A remarkable photochromic effect at ambient conditions was discovered in reactive magnetron sputtered (MS) YOxHy thin films.10 Initially, these semiconducting materials (band gap Eg ≈ 2.6 eV) were referred to as oxygen-containing yttrium hydride.10,11 It was speculated that their properties can be explained in analogy to the transparent γ-YH3 phase stabilized in the fcc structure by incorporation of oxygen into the lattice.11 A later study on sputtered YOxHy composition gradient thin films, which covers the transition from opaque to transparent state, reports atomic ratios of up to H/Y ≈ 3 as measured by heavy-ion elastic recoil detection (ERD) and nuclear reaction analysis (NRA).12 However, this result seems rather questionable considering the low H2 partial pressures during reactive MS deposition. Follow-up studies by Montero et al.13 and Nafezarefi et al.14 clarified that the transparent YOxHy materials are in fact formed by air oxidation of as-deposited absorbing metallic β-YH2 films. Further, we reported that LnOxHy thin films with Ln = Gd, Dy, Er exhibit the same photochromic effect and fcc crystal structure as YOxHy.14 On the basis of these findings and our preliminary chemical composition analysis experiments, we then adopted the term rare-earth (RE) oxyhydrides for this group of photochromic materials. However, systematic experimental evidence for the presence of H ions in these REOxHy is scarce. Although a recent study by Moldarev et al. supports the concept of H in their photochromic YOxHy films, they also had to assume multiple cation charge states and/or the presence of OH complex ions in order to obtain charge balance.15 Moreover, the relationship of the photochromic REOxHy thin films to the established group of stoichiometric LnOH bulk materials in terms of chemical composition and crystal structure remained unclear.

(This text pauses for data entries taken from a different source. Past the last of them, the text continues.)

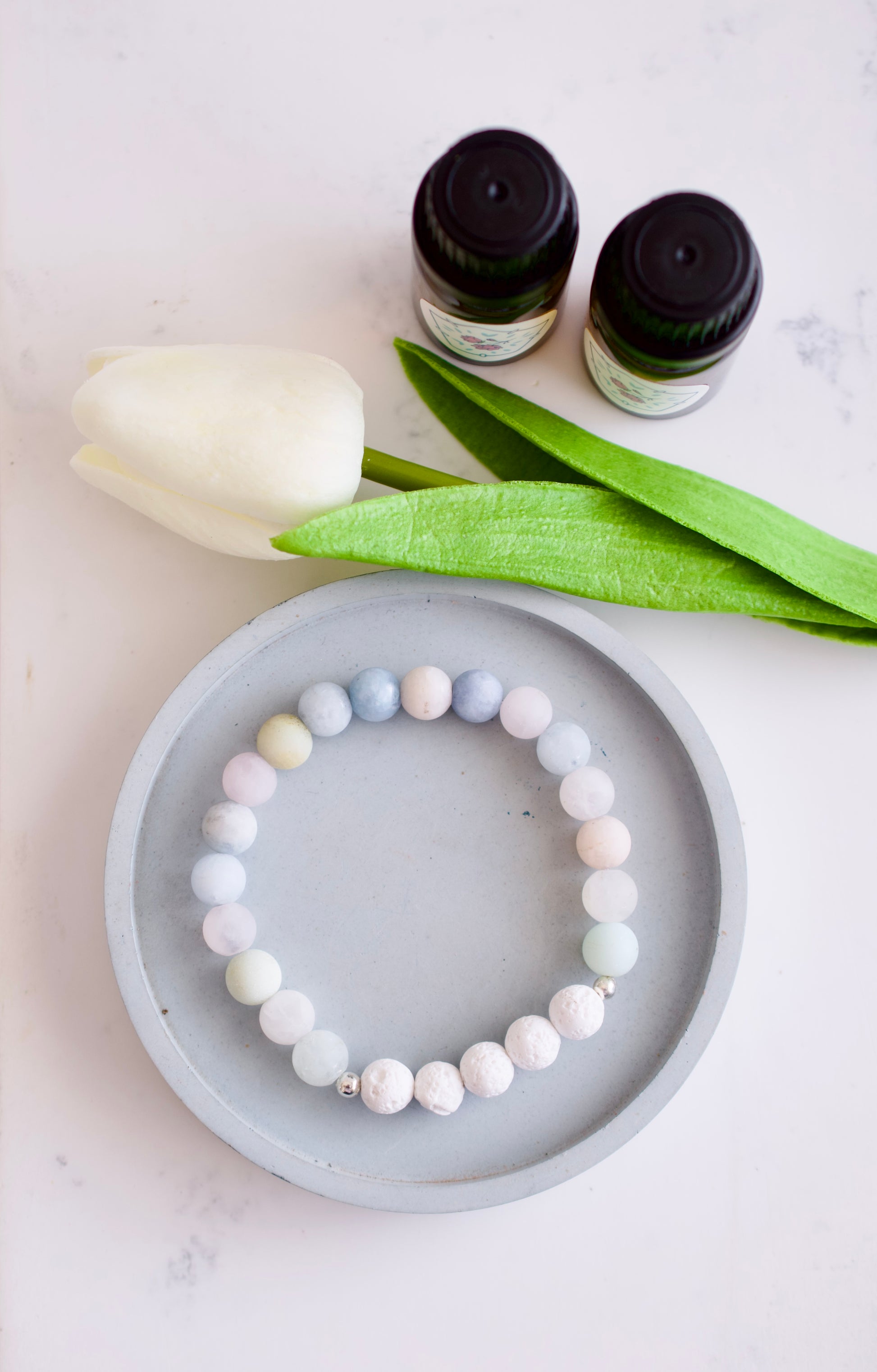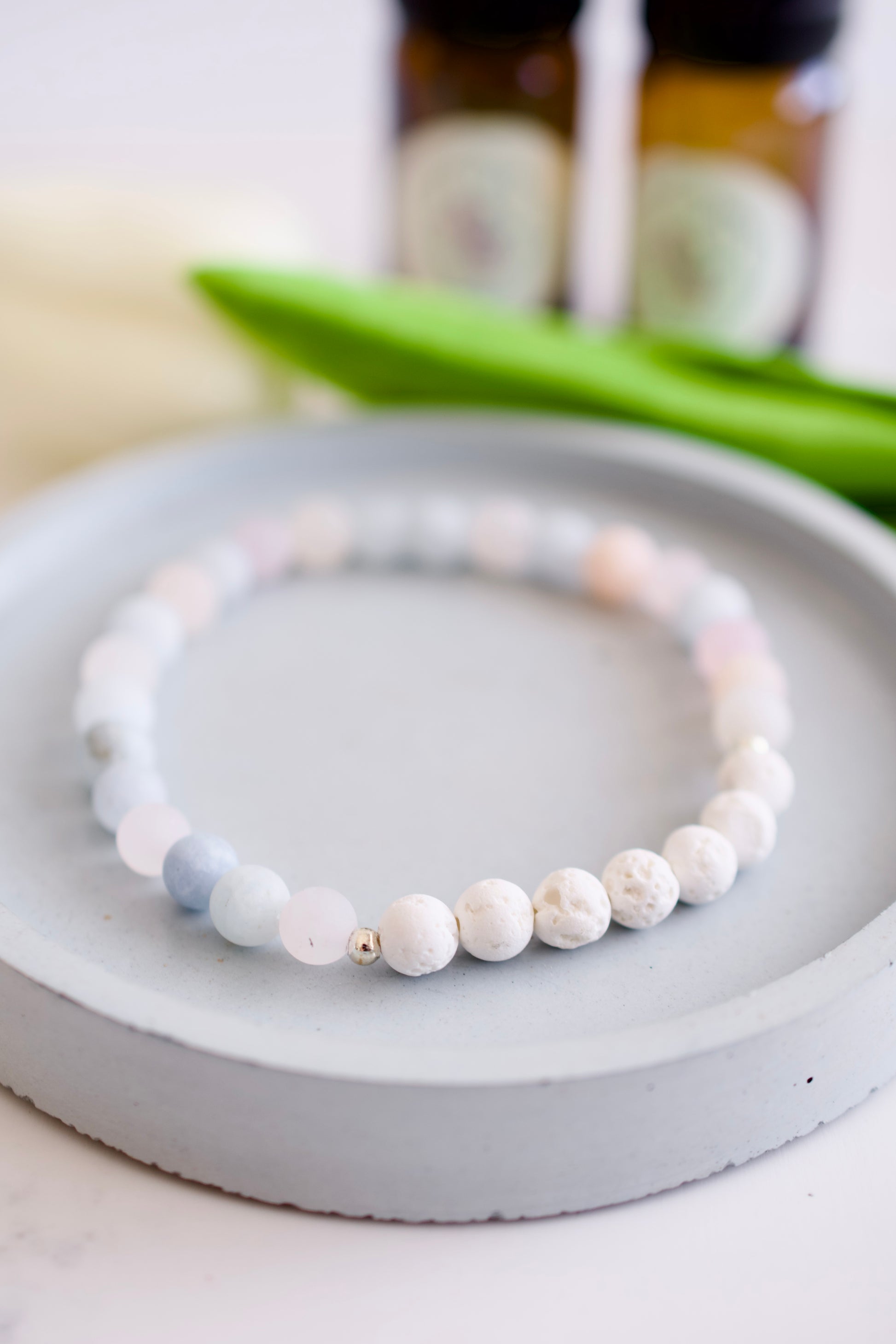 Soft and elegant, this bracelet features pastel morganite beads, white lava stone, and silver accents. The porous lava beads double as natural diffusers—just add a drop of your favorite essential oil for a subtle, all-day scent. Perfect for stacking or wearing solo.
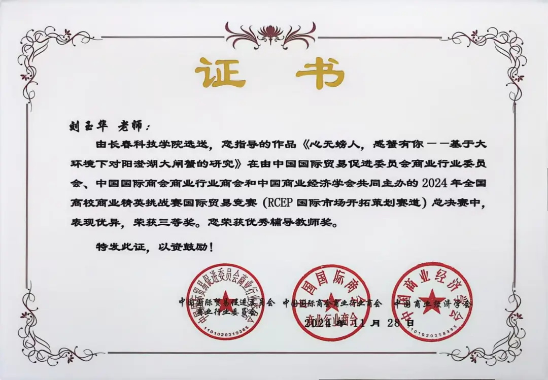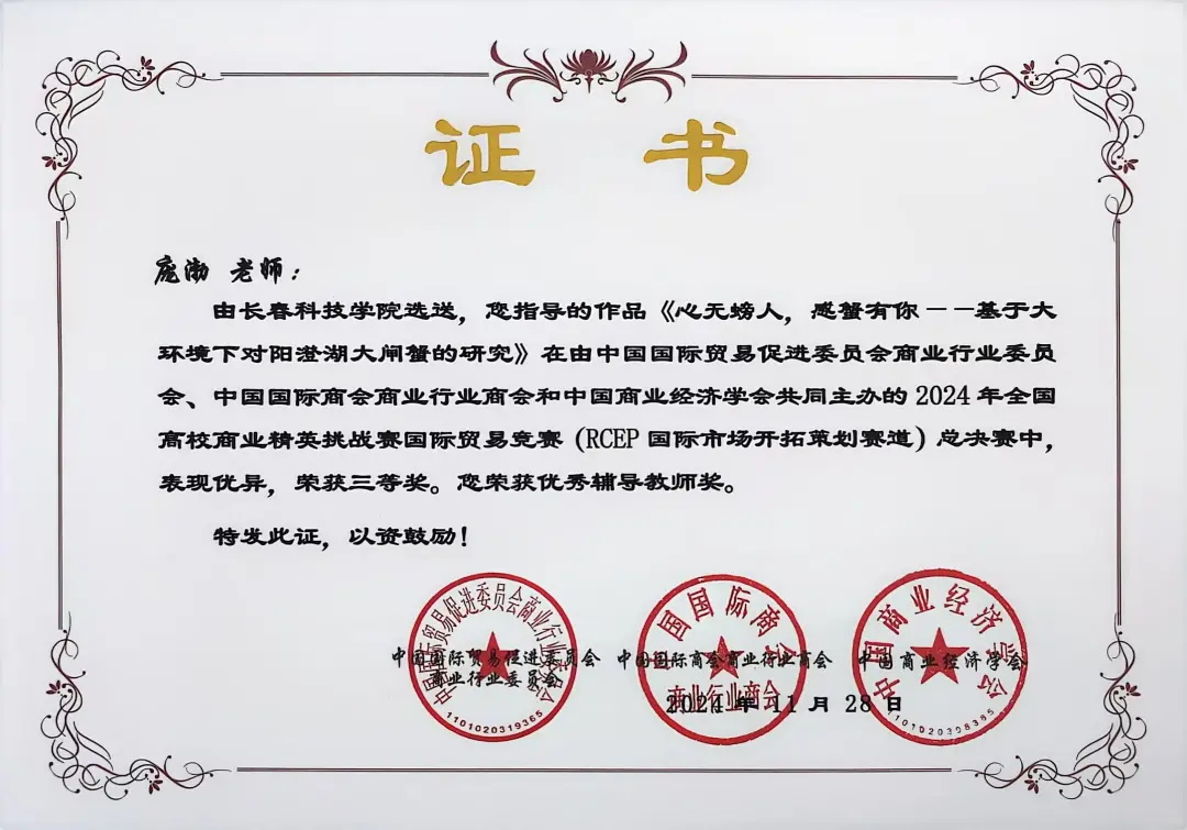 2024年全国高校商业精英挑战赛国际贸易赛道全国大赛于12月落下帷幕。我校金融工程专业两名教师荣获优秀辅导教师奖。
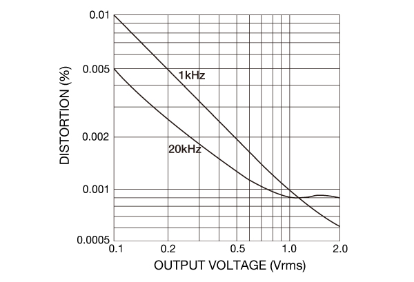 - S/N 110dB、チャネルセパレーション 110dB、ひずみ率 0.0006%で高級機にも対応
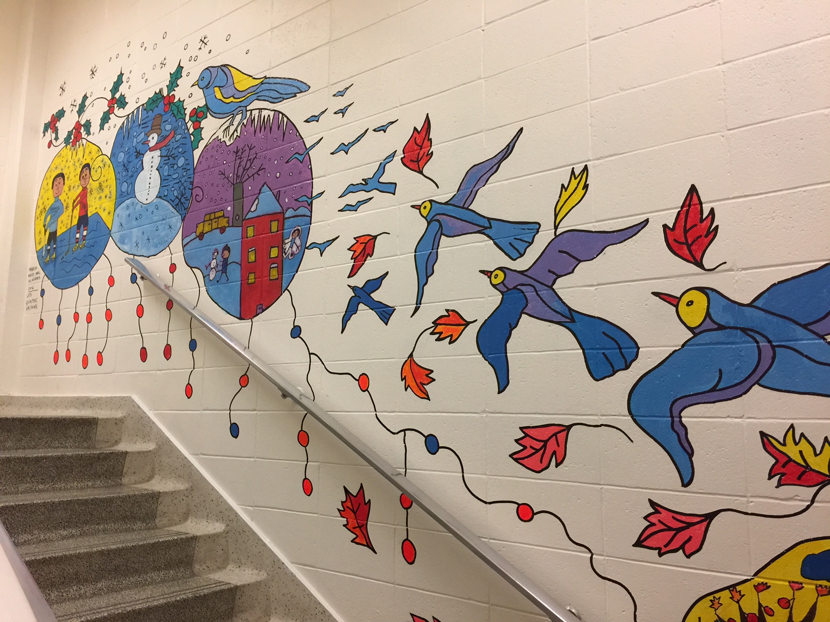 The themes selected were the values of the school and the four seasons. Each theme illuminates the staircases of our school!
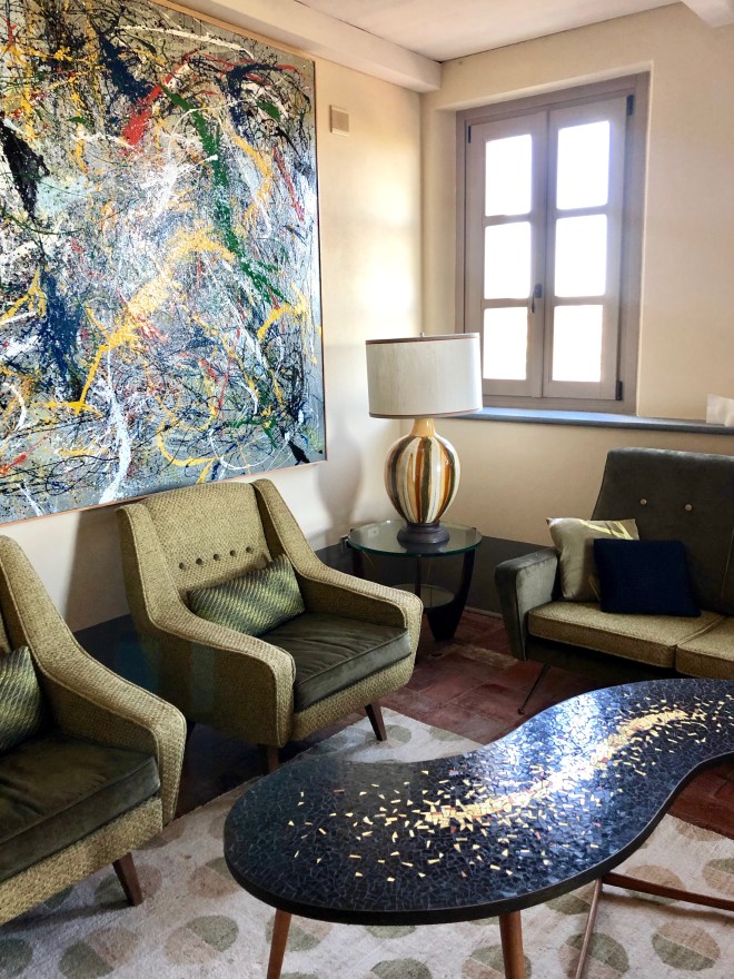 Riccardo, the owner of Locanda, greeted us on arrival and had no problem with our very early check-in. He told me the story of the property started 10 years ago when his smaller B&B was just next door. At the time, they had five rooms, no pool, and only served breakfast. When the building next door went up for sale, he saw an opportunity to combine the two houses and expand his hotel. The undertaking took two full years. In that time, Riccardo frequented markets, fairs, and galleries every weekend hunting for vintage and modern pieces to fill the space at Locanda. Since then, the hotel has won boutique and luxury hotel awards in recent years.

Here, we address these open questions by a combination of chemical composition analysis via ion beam methods, charge neutrality arguments, and optical characterization. We find that the photochromic REOxHy films are indeed oxyhydrides—clearly distinct from hydroxides—having a wide composition range along the MH3–M2O3 axis. This allows us to explain their properties in the framework of O2–/H anion-disorder, linking the known (anion-ordered) structures of REH3 trihydrides, LnOH, and the RE2O3 sesquioxides.

Recently, we reported that metallic β-MH1.9+δ dihydride thin films with M = Y, Er, Dy, Gd can be prepared by direct current (DC) reactive MS of metal targets in an Ar/H2 atmosphere.14 Above a certain material-dependent critical deposition pressure (p*), the films air-oxidize at room temperature (RT) to form stable semiconducting transparent photochromic MOxHy. In order to obtain samples with a wide range of chemical compositions, we have extended our standard synthesis procedure as follows: (i) Sc is sputtered as the RE element with the smallest ionic radius. (ii) A variable amount of O2 is added to the Ar/H2/O2 process gas (5N purity) resulting in a mixture containing (12.5–11.9) % of H2 and (0–4.7) % of O2. (iii) Pulsed DC plasma excitation (50 kHz, 90% duty cycle) is used to avoid arcing. (iv) Al capping layers (20 nm) were sputtered onto selected samples directly or after timed air exposure to prevent further oxidation. All samples were grown on unheated UV-grade fused silica (f-SiO2) and polished glassy carbon substrates (HTW Germany). Structural and optical properties were investigated by a combination of X-ray diffraction (XRD, Bruker D8 Discover) and photospectrometry (PerkinElmer Lambda 900). A custom-built optical-fiber-based in situ spectrometer (range: 230–1150 nm) with attached 385 nm LED light source and a time resolution of ∼1 s was employed to test the photochromic properties.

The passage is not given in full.